_Supplied information_
========
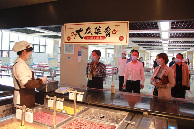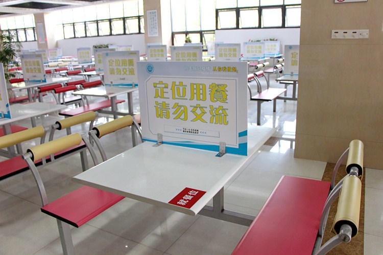 学生有序门口间隔1米排队,测温后进入食堂,有序打菜取餐。测温时发现体温异常学生。启动防疫程序,妥善处置。
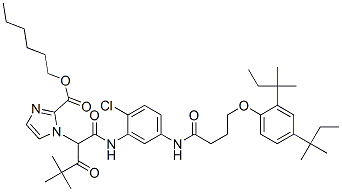 hexyl 1-[1-[[[5-[[4-[2,4-bis(tert-pentyl)phenoxy]-1-oxobutyl]amino]-2-chlorophenyl]amino]carbonyl]-3,3-dimethyl-2-oxobutyl]-1H-imidazolecarboxylate CAS#: 84184-25-8 |
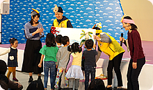 春夏秋冬の食材が沢山出てくる『どっこくん』の大きな紙芝居では、おまじないに出てくる食材を皆さんに探してもらいました。今回は会場に沢山のお友達が集まってくれたので、いつもより大勢のみんなに前に出てきてもらいましたよ。
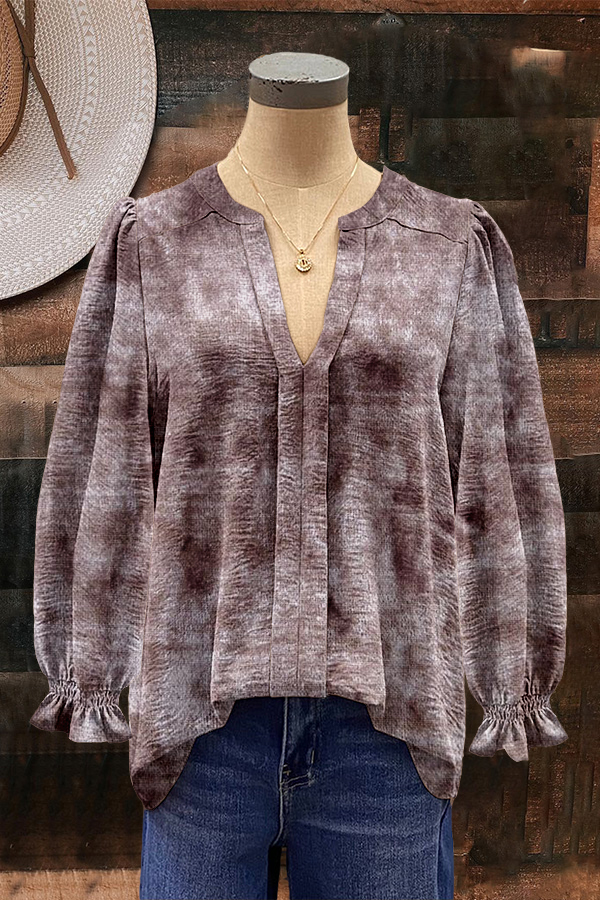 Unique Abstract Print Puff Sleeve Blouse
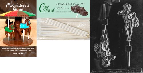 Cybrtrayd 'Chorus Girl Lolly' Adult Chocolate Candy Mold with 25 4.5-Inch Lollipop Sticks and Chocolatier's Guide
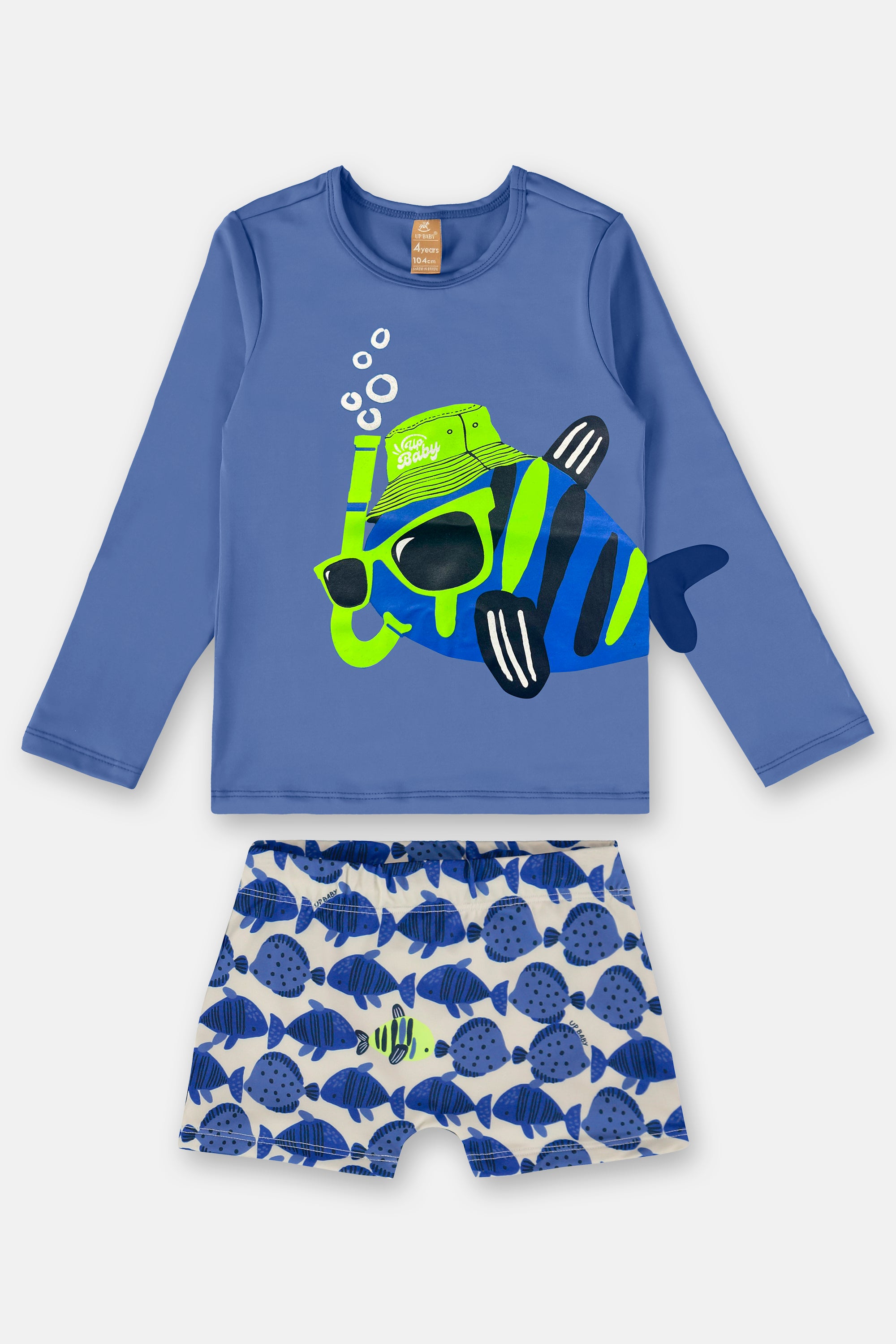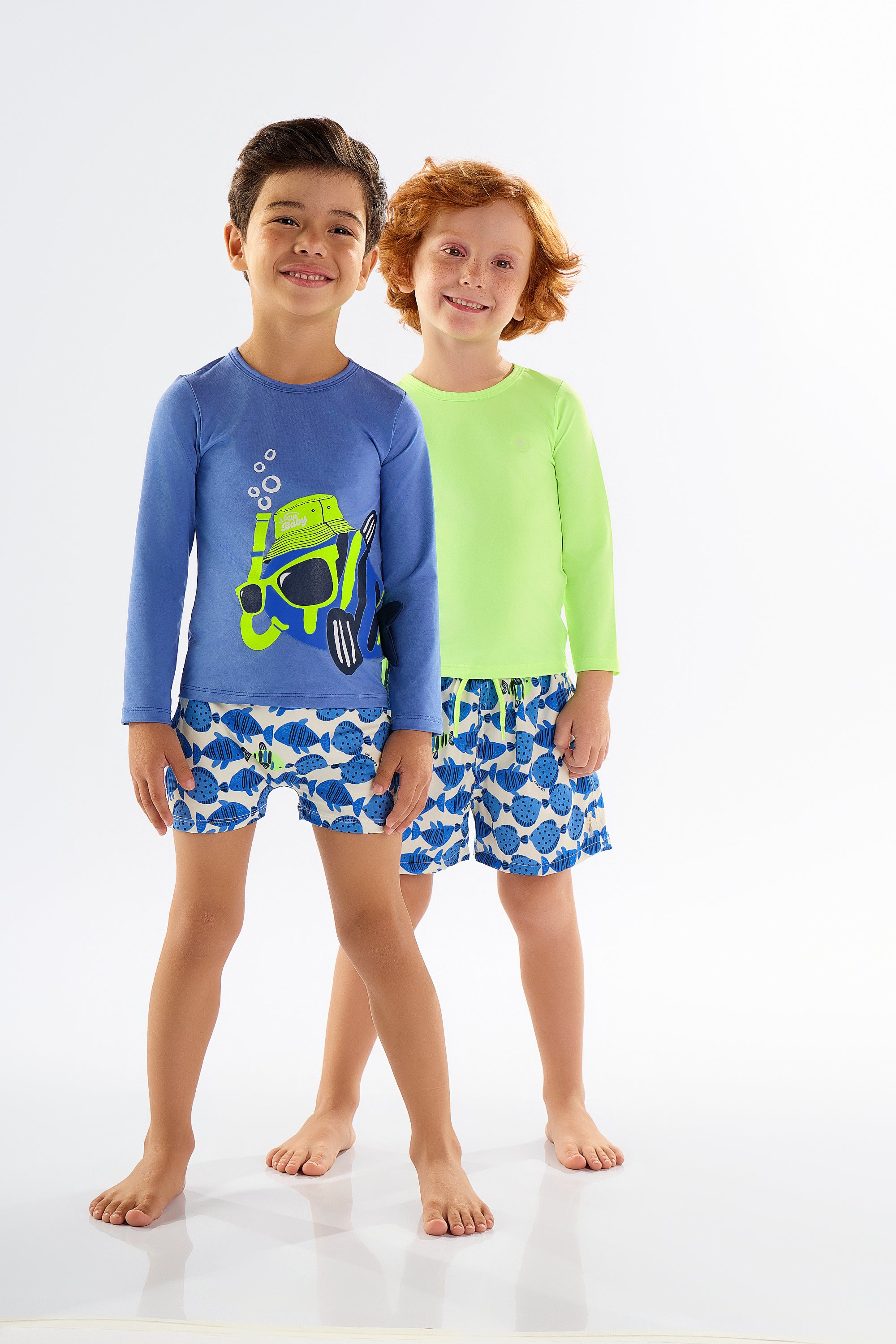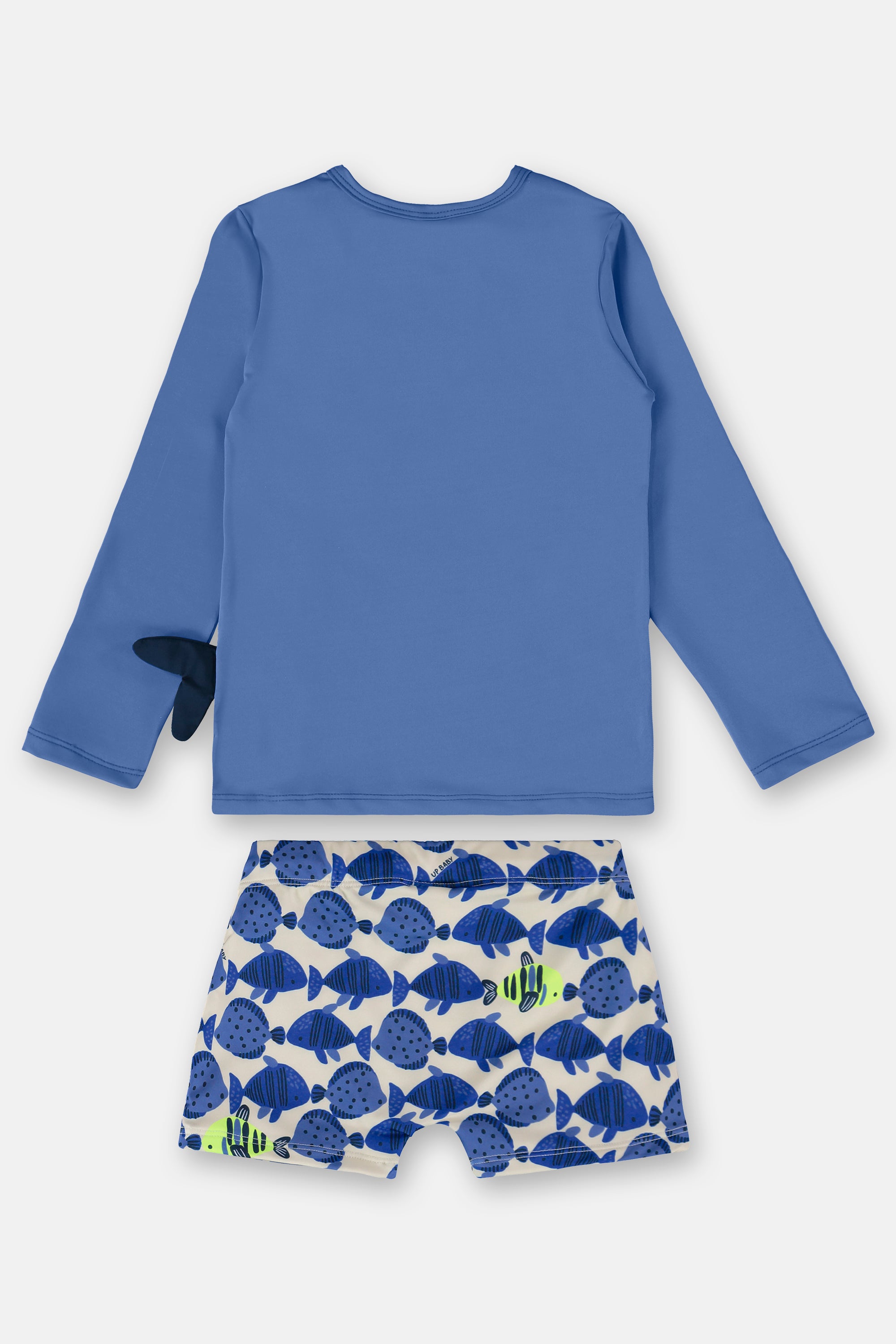 Conjunto de baño para niño con polera manga larga y short estampado de peces. Fabricado con tela con filtro UV50+ que protege contra los rayos solares. Diseño divertido y cómodo, ideal para disfrutar del verano con estilo y seguridad. Secado rápido y excelente ajuste para libertad de movimiento.
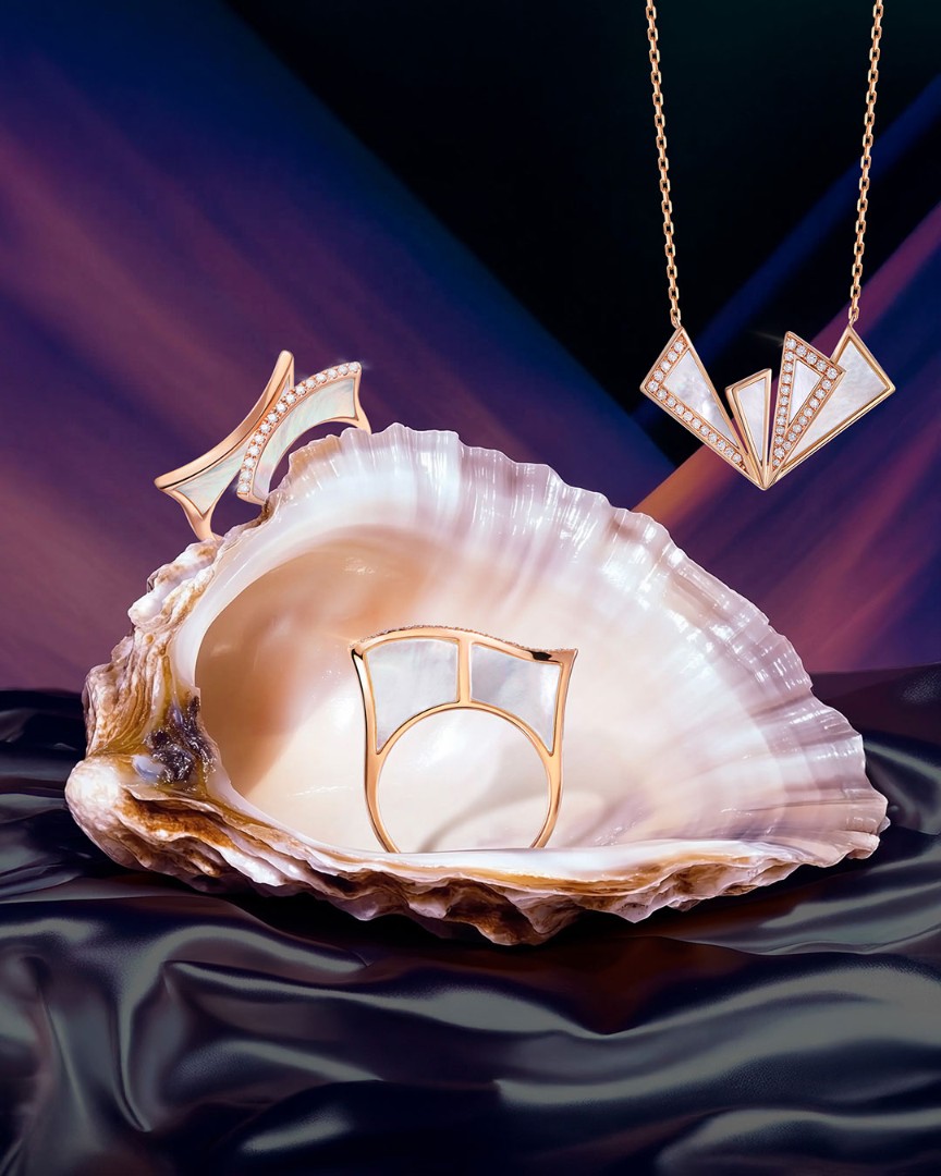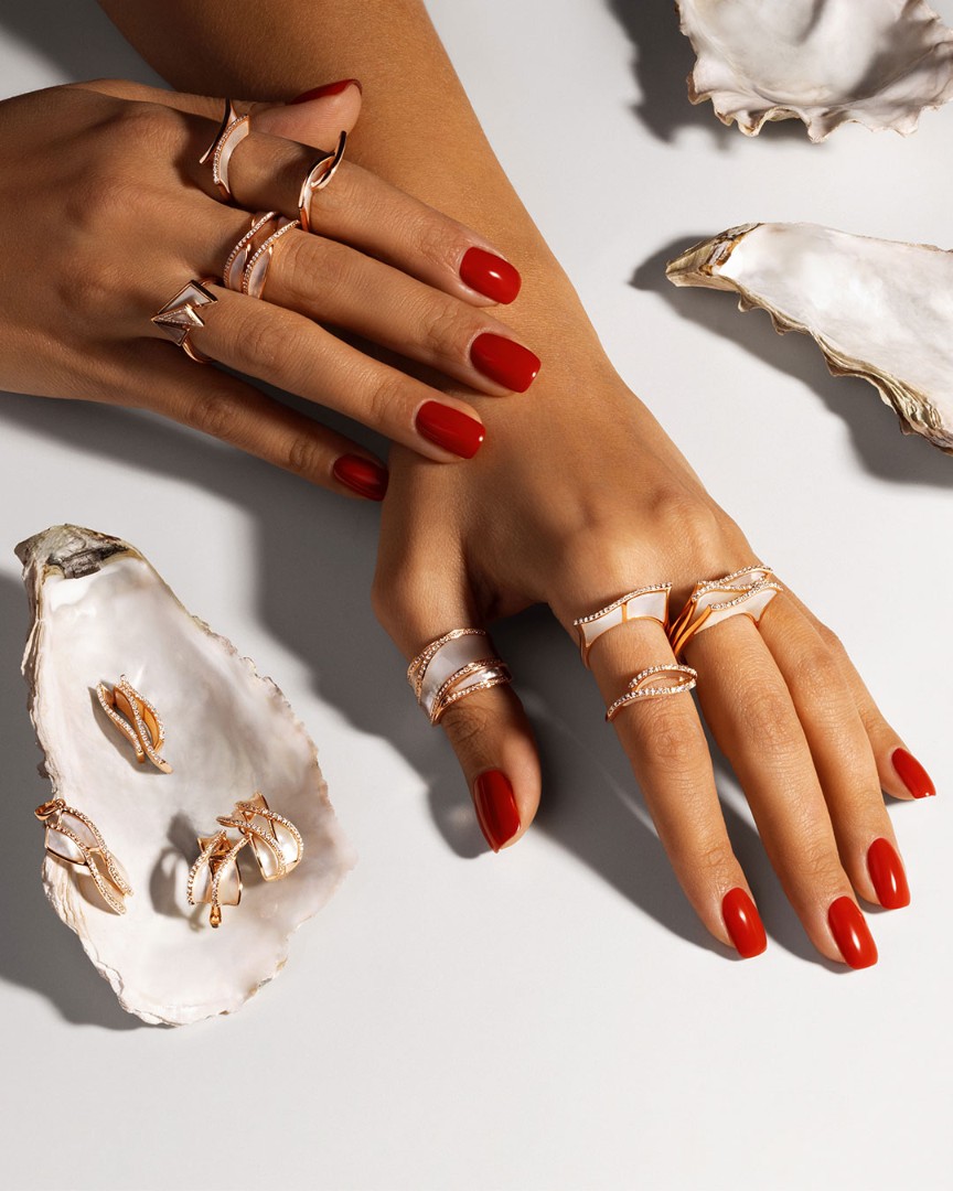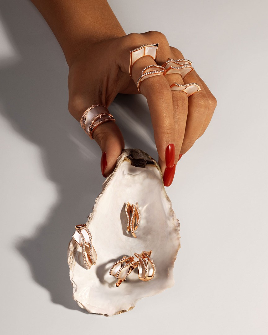 Коллекция «Aurelia» — это синергия природы и высокого ювелирного искусства. Она выполнена с использованием перламутра, облаченного в розовое золото и дополненного бриллиантами. Форма украшений, напоминающая извивающуюся волну, устремляющуюся к вечности, символизирует непрерывность времени и вечную красоту.
========
_Task requirements_
The pictures stay out; everything else in the records above must be repeated exactly.

_Finished exercise_
 学生有序门口间隔1米排队,测温后进入食堂,有序打菜取餐。测温时发现体温异常学生。启动防疫程序,妥善处置。
 hexyl 1-[1-[[[5-[[4-[2,4-bis(tert-pentyl)phenoxy]-1-oxobutyl]amino]-2-chlorophenyl]amino]carbonyl]-3,3-dimethyl-2-oxobutyl]-1H-imidazolecarboxylate CAS#: 84184-25-8 |
 春夏秋冬の食材が沢山出てくる『どっこくん』の大きな紙芝居では、おまじないに出てくる食材を皆さんに探してもらいました。今回は会場に沢山のお友達が集まってくれたので、いつもより大勢のみんなに前に出てきてもらいましたよ。
 Unique Abstract Print Puff Sleeve Blouse
 Cybrtrayd 'Chorus Girl Lolly' Adult Chocolate Candy Mold with 25 4.5-Inch Lollipop Sticks and Chocolatier's Guide
 Conjunto de baño para niño con polera manga larga y short estampado de peces. Fabricado con tela con filtro UV50+ que protege contra los rayos solares. Diseño divertido y cómodo, ideal para disfrutar del verano con estilo y seguridad. Secado rápido y excelente ajuste para libertad de movimiento.
 Коллекция «Aurelia» — это синергия природы и высокого ювелирного искусства. Она выполнена с использованием перламутра, облаченного в розовое золото и дополненного бриллиантами. Форма украшений, напоминающая извивающуюся волну, устремляющуюся к вечности, символизирует непрерывность времени и вечную красоту.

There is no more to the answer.